3.5 Impact of particle hygroscopic growth
The vertical variation of observed aerosol properties may be a result of particle water uptake, which should be separated from the features related to pollen presence. Figure 7 shows the profiles of the particle parameters for the episode on 15 June 2020 when aerosol hygroscopic growth took place. In the height range 900–1500 m the fluorescence backscattering βF is stable, while the elastic backscattering β532 increases by a factor of 3. Radiosonde measurements in Herstmonceux (UK) in this height range demonstrate an increase in RH from about 75 % to 85 %, while lidar-measured extinction and backscattering Ångström exponents decrease from 1.5 to 1.3, corroborating the occurrence of particle hygroscopic growth. The depolarization ratio δ1064 at low altitudes exceeds δ355 and δ532, which can be an indication of pollen presence. This is supported by significant fluorescence capacity (GF = 0.9 × 10−4 at 750 m).

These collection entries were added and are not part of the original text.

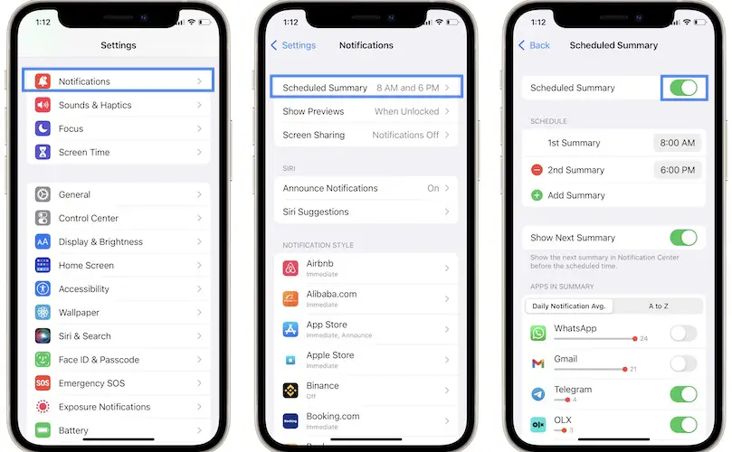 Tip: Later on, try to open Settings and browse for Notifications -> [App Name] and switch back from Scheduled Summary to Immediate delivery! Also make sure that Time Sensitive Notifications are turned ON! Finger on, for the Leave ON notification to stay away!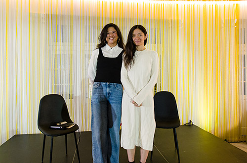 Moderator Kristina Woo and Hamnet co-writer-director Chloé Zhao. Photo by Moises Marquez.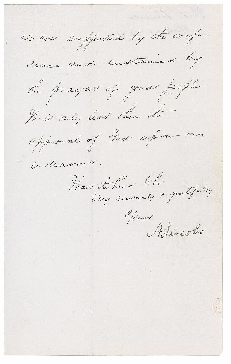 Although he had once been regarded as a skeptic, Lincoln made increasingly frequent public expressions of faith throughout his presidency. His belief in the guiding hand of “divine providence” is most apparent in the Gettysburg Address and his second inaugural address, during which he attributed emancipation and the end of slavery to God’s will. This letter is an especially early example, in keeping with those powerful expressions of Lincoln’s faith, which helped him lead the nation through its greatest strife and turmoil. Letters from President Lincoln invoking God are exceedingly rare—this being one of only two to appear at auction in the last 40 years—and, offering profound insight into the mind of the great man and leader, are of the utmost desirability.

The number of fluorescent particles in the 900–1500 m range does not present significant changes (βF is stable), so observed vertical variations, i.e., the decrease in depolarization ratios at all three wavelengths and the increase in lidar ratios S355 and S532 from 50 to 65 sr, are probably the result of water uptake by the particles. Water uptake does not change the number of fluorescent molecules; however, the fluorescence capacity decreases in the process of hygroscopic growth, so GF can be a representative parameter of aerosol types only in the condition of low RH.

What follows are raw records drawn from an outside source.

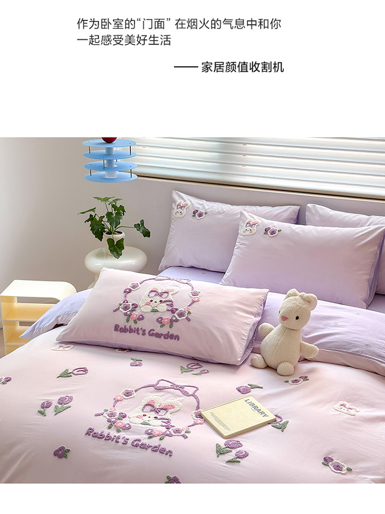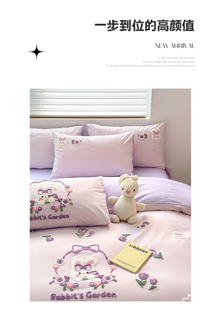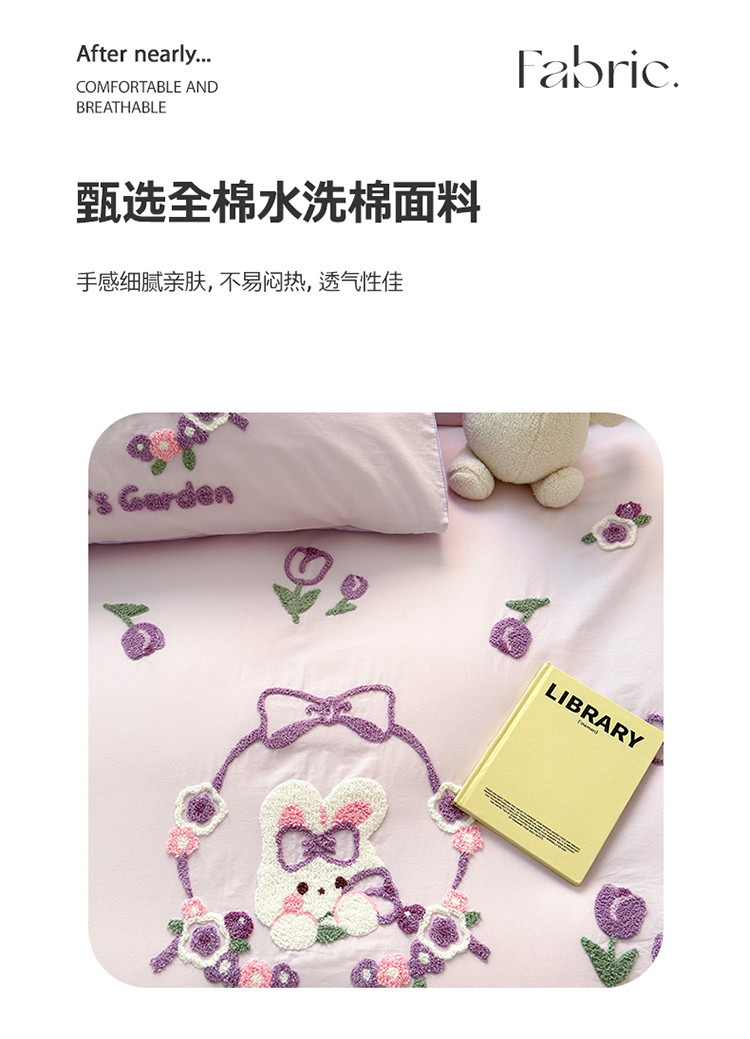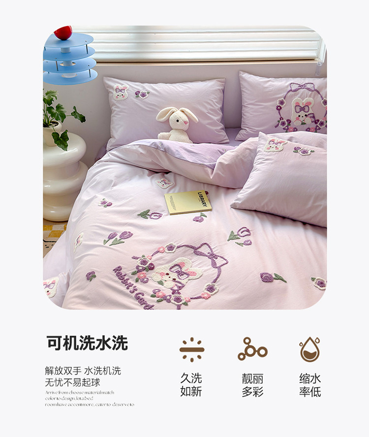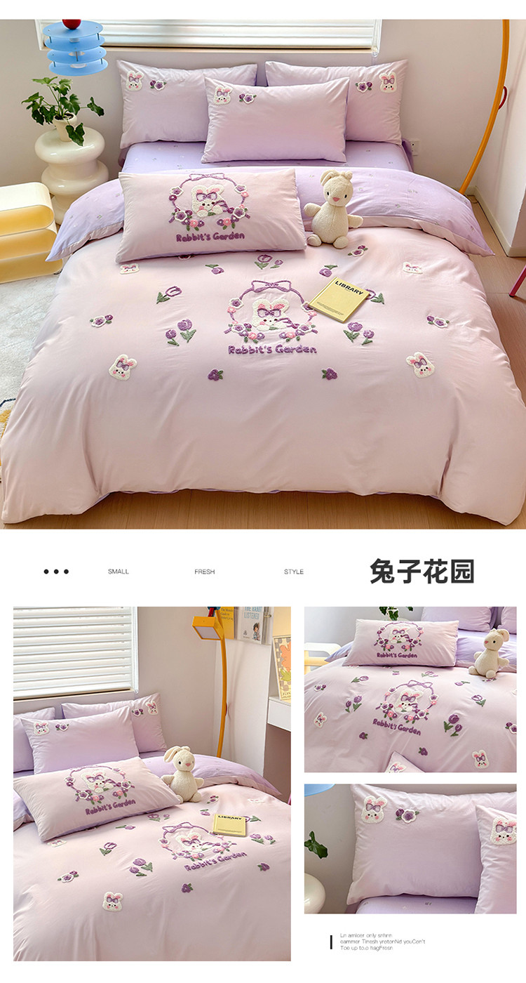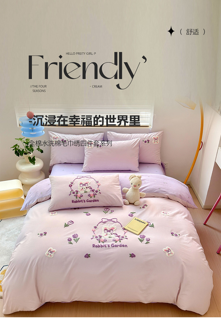 商品名称:眠屿 2023新款A类水洗棉毛巾绣四件套 兔子花园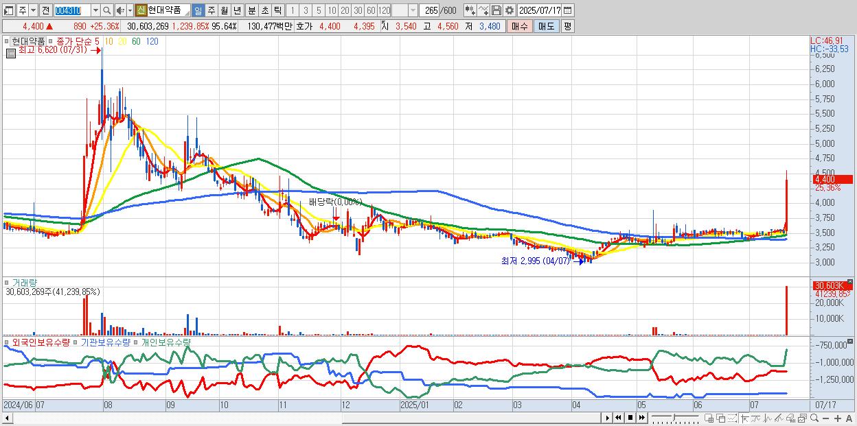 - 현대약품 (4,400원 ▲ 25.36% , 시총: 1,408억, 거래량: 30,603,269, 거래대금:1,305억)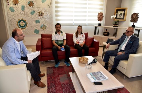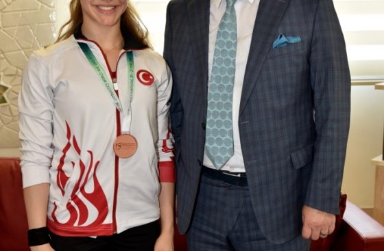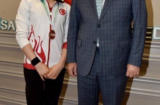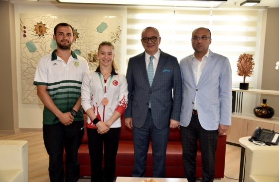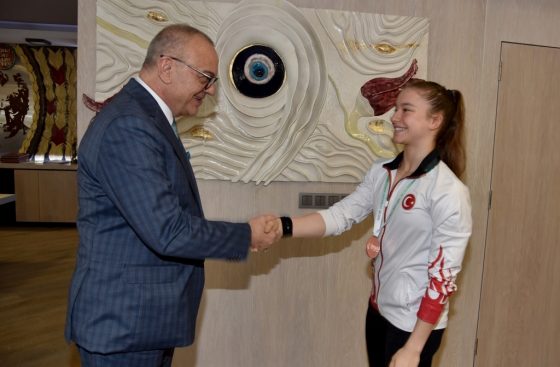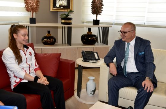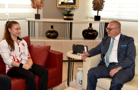 Mayıs ayı içerisinde katıldığı iki uluslararası turnuvada milli takım formasıyla önemli başarılara imza atan Manisa Büyükşehir Belediyespor cimnastik takımı sporcusu Ayşe Begüm Onbaşı, Manisa Büyükşehir Belediye Başkanı Cengiz Ergün’ün konuğu oldu. Başkan Ergün, yeşil-beyazlı sporcunun milli takım formasıyla elde ettiği derecelerden dolayı gurur duyduğunu belirterek, başarılarının devamını diledi.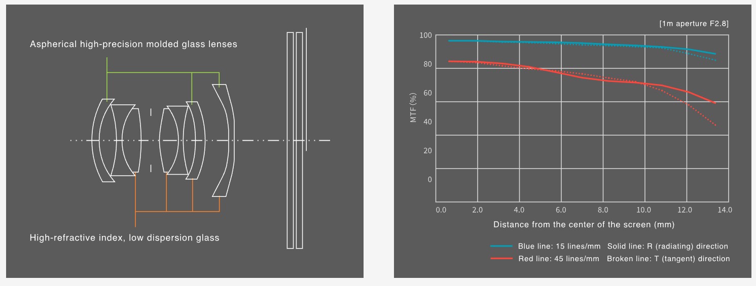 Obiektyw to tradycyjnie stałoogniskowy 18 mm f/2.8 (ekwiwalent 28 mm), ale o zupełnie zmienionej budowie – nowa konstrukcja składa się z 7 soczewek rozmieszczonych w 5 grupach, w tym 3 asferycznych i 4 ze szkła niskodyspersyjnego o wysokim współczynniku załamania. Konstrukcja będzie wzbogacona w standardowej wersji apartu o filtr szary 2 EV, a w wersji HDF o filtr dyfuzyjny. Maksymalnie można go będzie przymknąć do f/16. Migawka aparatu może pracować w zakresie 30 s-1/4000 s, przy czym dla przysłon jaśniejszych niż f/5.6 najkrótszy czas migawki wynosi 1/2500 s. Nowa konstrukcja także się szybciej składa i rozkłada, pozwalając na uruchomienie aparatu w 0,6 s.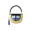 Bag made with corn straw, from a community of artisans in the city of Caldas / MG, half-moon model, with acrylic lid, with magnetic clasp closure, with short handle with synthetic beads, and long brass chain handle, with pendant with synthetic bead and cotton thread fringe, metals with gold finish. Handmade by Brazilian artisans.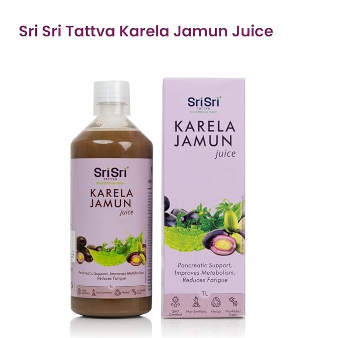HomeHealth & PersonalDiet & NutritionHealth DrinksSri Sri Tattva Karela Jamun Juice | Maintains Blood Sugar Levels | Reduces Bad Cholesterol | Good for Digestive Health | No Added Sugar | 1 litre I Pack of 2

During March–June 2020, we had numerous measurement cases demonstrating features in the profiles of the particle parameters that can be attributed to pollen. For representative cases we have chosen observations with a high depolarization ratio and high fluorescence backscattering. At the same time, we omitted the days with high relative humidity to minimize the impact of hygroscopic growth effects. Below we consider several measurement cases representing different scenarios, in particular the episodes when pollen concentration decreases with height (30–31 May, 1–2 June) and the episodes when pollen grains are well mixed inside the boundary layer (27–28 March and 21 April).

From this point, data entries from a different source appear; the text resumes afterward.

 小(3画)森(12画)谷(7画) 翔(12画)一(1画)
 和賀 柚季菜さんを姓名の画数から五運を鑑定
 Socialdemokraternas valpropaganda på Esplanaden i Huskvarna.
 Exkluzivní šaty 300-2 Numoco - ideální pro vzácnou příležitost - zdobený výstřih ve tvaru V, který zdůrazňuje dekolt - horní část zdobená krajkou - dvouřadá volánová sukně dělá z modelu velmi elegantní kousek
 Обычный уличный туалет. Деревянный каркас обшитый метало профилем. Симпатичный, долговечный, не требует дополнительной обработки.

4.1 30–31 May and 1–2 June 2020 observations
The results of lidar measurements during the campaign in many episodes can be interpreted as a decrease in the pollen concentration with height. Vertical profiles of the main particle parameters for two representative cases on the nights of 30–31 May and 1–2 June 2020 are shown in Fig. 8. The atmospheric conditions for these nights were stable, so the profiles presented are averaged over an approximately 5 h interval. The HYSPLIT back-trajectory analysis (Stein et al., 2015) demonstrates that in the 1000–2000 m height range the air masses were transported from northern Europe. At the ground level, grass could be the main pollen contributor for this period, as shown in Fig. 1. On 31 May (at 00:00 UTC) the RH measured by the radiosonde in Herstmonceux (UK) was about 40 % at 500 m, and it increased up to 70 % at 2000 m. On 2 June the RH increased from approximately 40 % to 60 % in the same height range. For both nights the fluorescence backscattering decreases with height, indicating a decrease in the concentration of fluorescent particles (presumably pollen). This decrease in βF correlates with a decrease in the depolarization ratio at all three wavelengths. Particle depolarization δ1064 is the highest (about 15 % at 750 m), while δ355 and δ532 are significantly lower. Such spectral dependence of the depolarization ratio can be partly due to the contribution of the background aerosol, as follows from the model calculation in Fig. 2. The lidar ratios are available above 1250 m, and for both cases, S355 and S532 increase with height. It indicates that the lidar ratios of pollen in the two considered cases can be quite low: below 40 sr at 355 nm and below 30 sr at 532 nm, considering that the pollen concentration decreases with height, which is inferred from the features of the depolarization ratio and fluorescence backscattering
The EAE for both nights varied in the 1.75–2.0 range and did not show significant changes with height. The BAE is lower (about 1.5 at 1000 m), and for both nights it shows some increase in the 1250–2250 m range. The BAE, in contrast to EAE, depends strongly on the particle refractive index and shape; thus, it may demonstrate higher sensitivity to the changes in aerosol mixture composition. Recall that backscattering and extinction Ångström exponents are related as
Thus, for S355>S532, which has been observed during pollen episodes, the is lower than . This is in contrast with smoke episodes in which S355<S532 and (Fig. 5).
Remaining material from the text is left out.